# Directions for this task
The copy should hold only the line containing "Visit Proof |" and the lines after it through the end of the material, each exact, with no pictures.

____

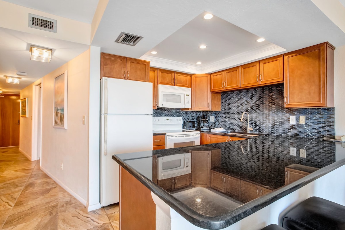 Las vistas más impresionantes desde este nuevo condominio directamente en Treasure Island Beach. Este encantador alojamiento se encuentra en el cuarto, quinto o sexto piso y ofrece vistas panorámicas del mar. Esta unidad tiene 2 dormitorios y 2 baños completos. La acogedora sala de estar de concepto abierto tiene una de las mejores vistas del océano, especialmente cuando se abren las puertas correderas retráctiles. La mesa del comedor en tu balcón privado proporciona un comedor perfecto, con el océano que proporciona un hermoso telón de fondo.
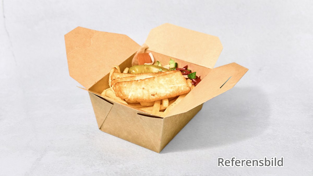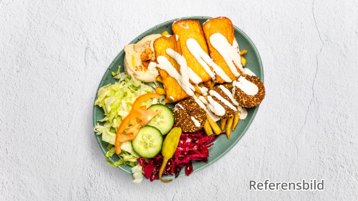Pommes, grönsaker, 3 bitar falafel och 5 bitar halloumi.
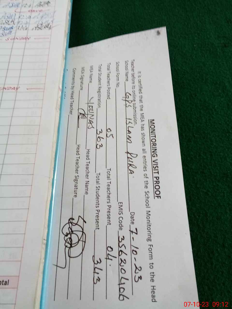 | Attendance Register | Head Teacher | MEA with School | Visit Proof |
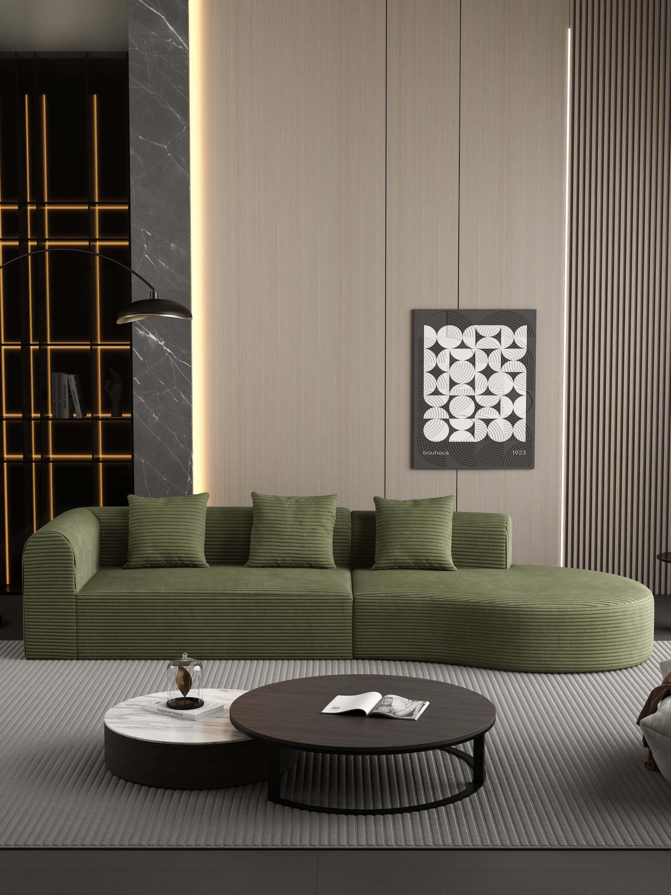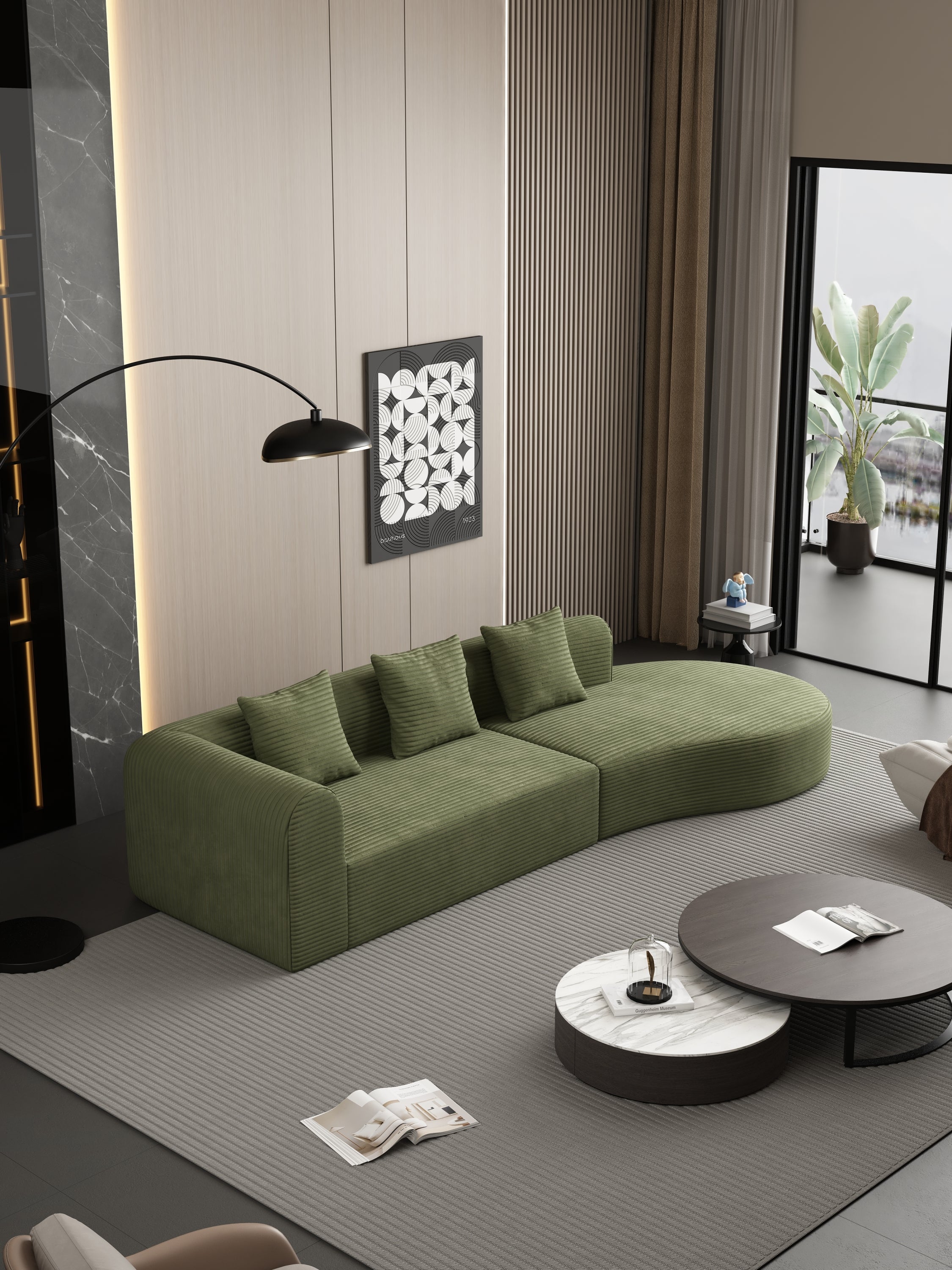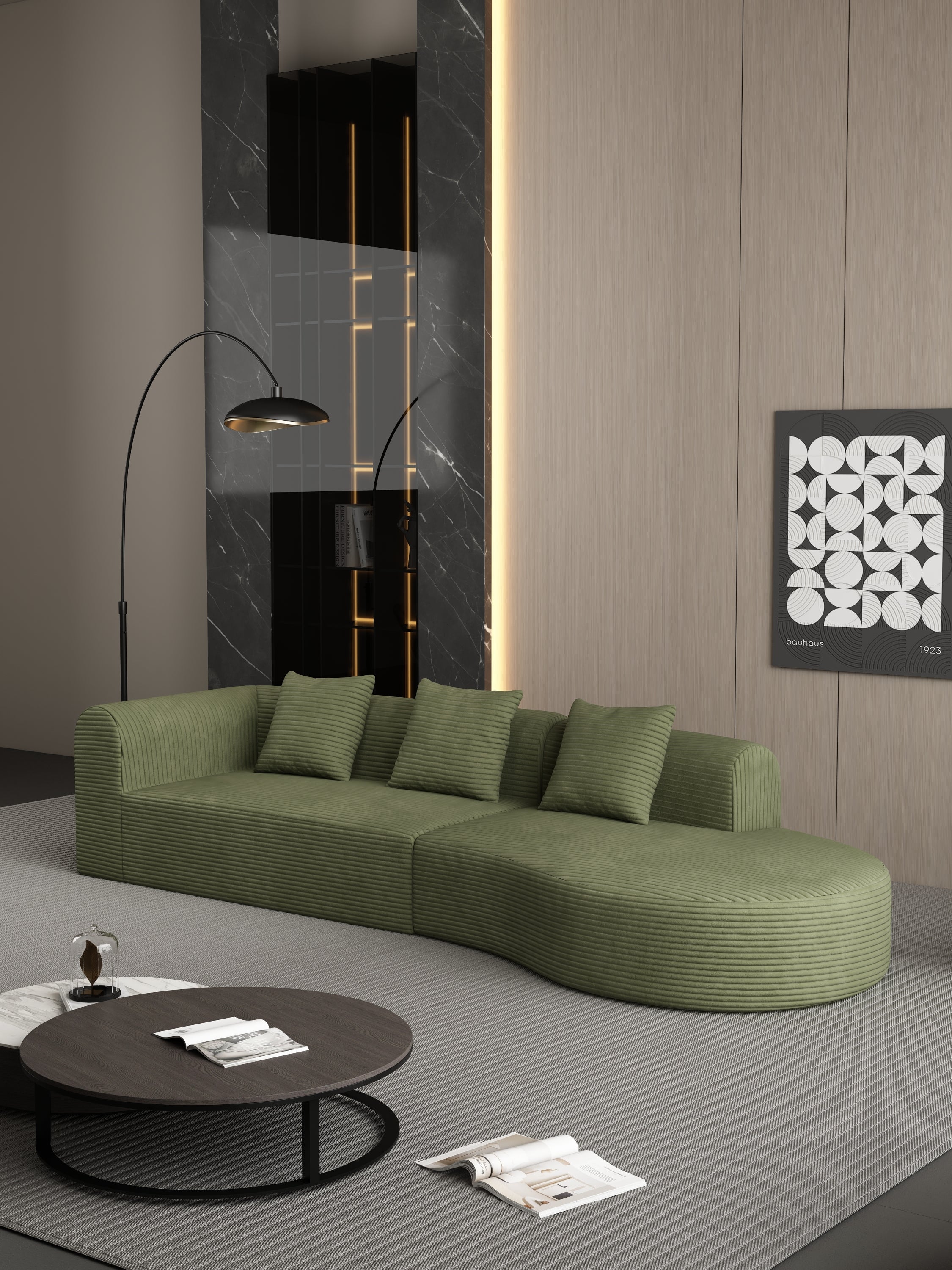 • MINIMALIST, MODULAR DESIGN - The sleek, minimalist design blends seamlessly into any decor, while modular components allow you to easily rearrange the sofa to fit your space. Whether in a living room, apartment, or guest room, the sofa can be easily moved and reconfigured to suit your needs,LUXURY, WRINKLE-RESISTANT CORDROY - This sectional sofa is wrapped in premium, wrinkle-resistant corduroy, combining soft, luxurious comfort with durability.
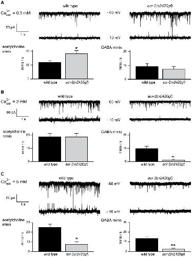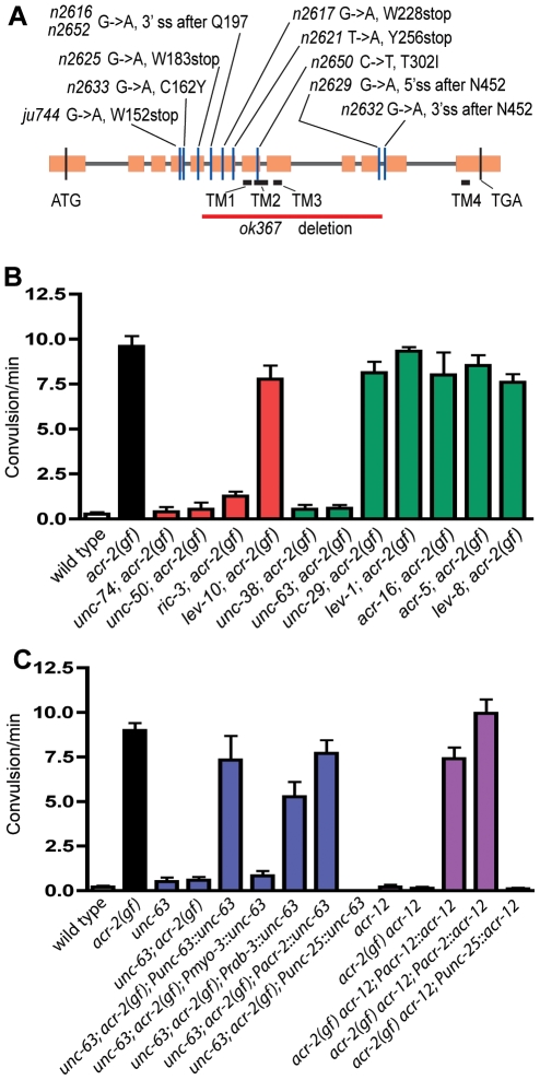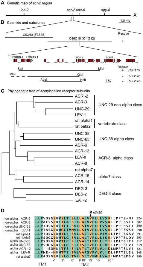Squire, Molecular cloning and functional co-expression of a Caenorhabditis elegans nicotinic acetylcholine receptor subunit (acr-2). 1995, Pubmed , Xenbase

____

# Response below
 | Attendance Register | Head Teacher | MEA with School | Visit Proof |
 • MINIMALIST, MODULAR DESIGN - The sleek, minimalist design blends seamlessly into any decor, while modular components allow you to easily rearrange the sofa to fit your space. Whether in a living room, apartment, or guest room, the sofa can be easily moved and reconfigured to suit your needs,LUXURY, WRINKLE-RESISTANT CORDROY - This sectional sofa is wrapped in premium, wrinkle-resistant corduroy, combining soft, luxurious comfort with durability.
Squire, Molecular cloning and functional co-expression of a Caenorhabditis elegans nicotinic acetylcholine receptor subunit (acr-2). 1995, Pubmed , Xenbase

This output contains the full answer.